Network and system calls:

  • RestrictAddressFamilies=AF_INET AF_INET6 AF_UNIX — regular networking only, no raw sockets (can’t do DoS flooding).
  • SystemCallFilter=@system-service — a whitelist of system calls (the kernel’s API). Suspicious syscalls get blocked.
  • ~@privileged @resources @debug @mount @swap @reboot @raw-io — explicitly forbid the “mount,” “reboot,” “debug other processes,” “raw I/O” categories.

Resource limits:

  • MemoryMax=2G — if the agent leaks memory or goes wild trying to load a model into RAM, it won’t eat the whole server. systemd kills it.
  • TasksMax=512 — can’t fork-bomb.
  • LimitNOFILE=65536 — open-file limit, protection against hangs.

systemd-analyze security rates the unit from 0 (perfect) to 10 (a mess). Aim for 3.0 or below.

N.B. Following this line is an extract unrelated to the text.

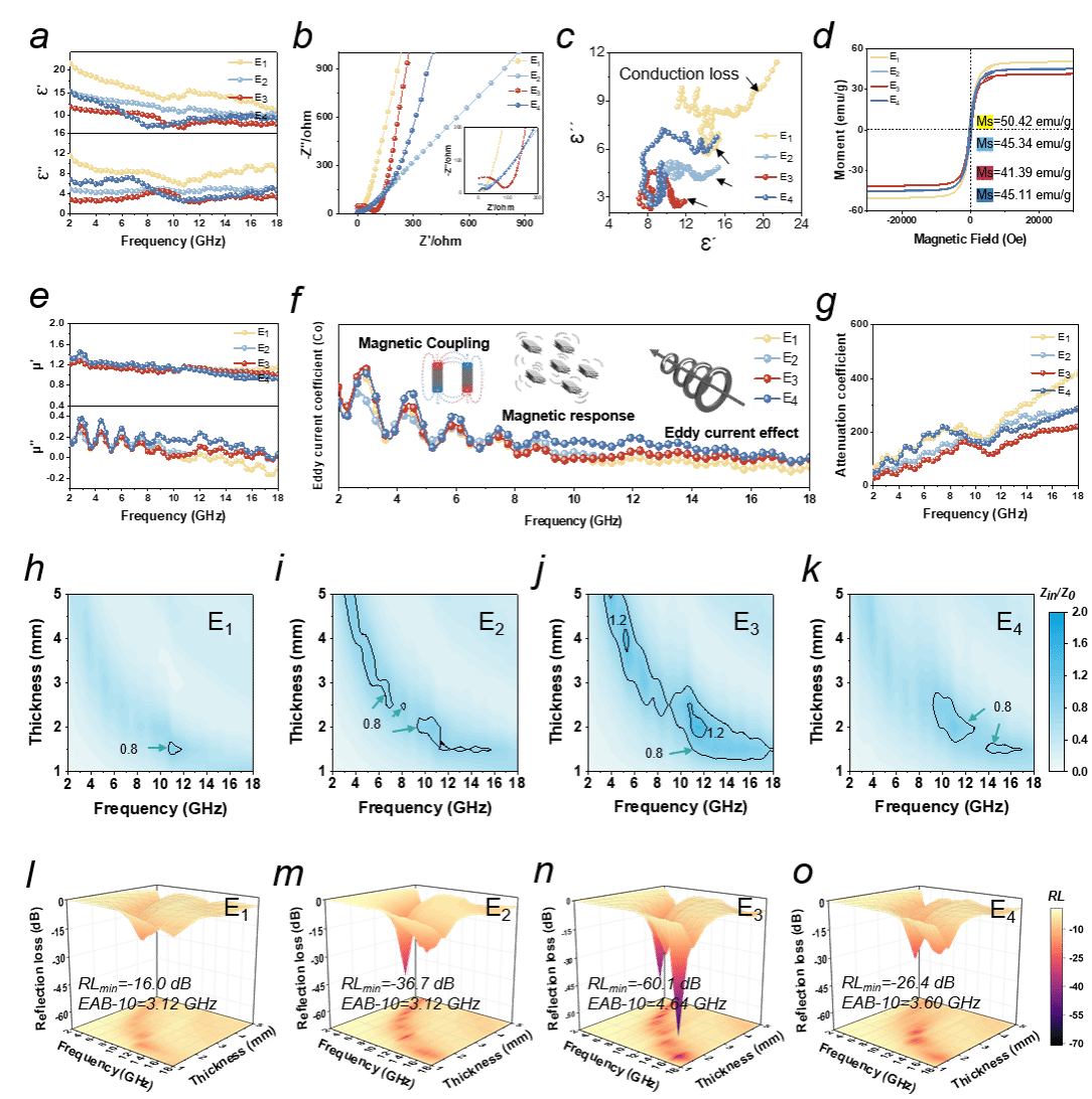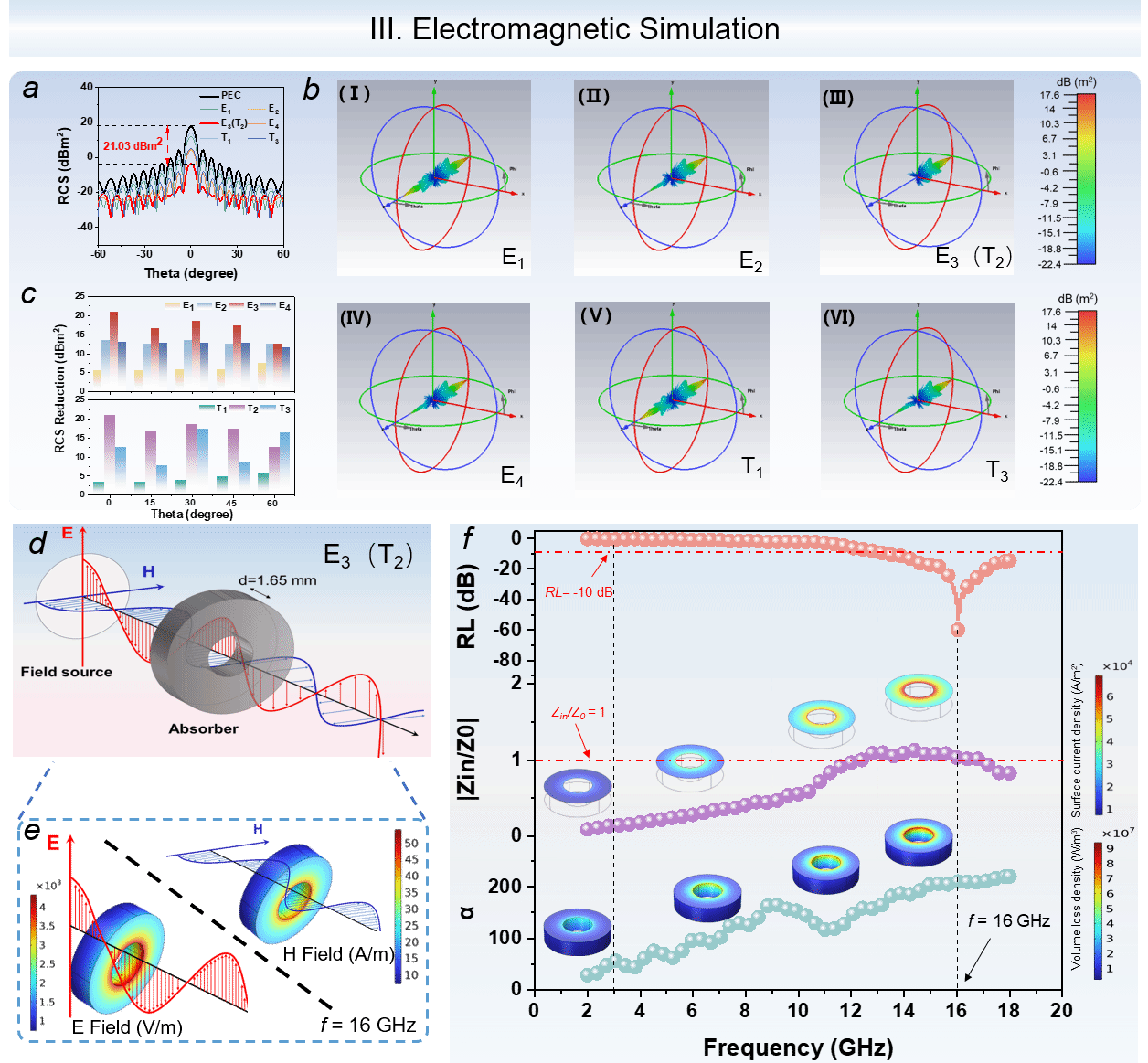 3. 对于电磁波的传导及耗散机理,通过COMSOL仿真软件模拟了不同频率下的动态损耗过程,揭示了电磁波的阻抗特性与原位衰减过程。深入解释了阻抗匹配和衰减能力在电磁波吸收中的作用机制。

What happens without it: a prompt injection into the agent → command rm -rf / → without sandboxing, the agent erases everything it can reach. With sandboxing, it only erases /opt/hermes/data (which is backed up anyway, see Step 13).

The trade-off: some directives can break the agent if it genuinely needs those capabilities. For example, if it generates JIT code — MemoryDenyWriteExecute=yes will kill it. Then you selectively loosen things. Approach: turn everything on, run systemd-analyze security, watch logs for what fails, and disable only what’s strictly necessary.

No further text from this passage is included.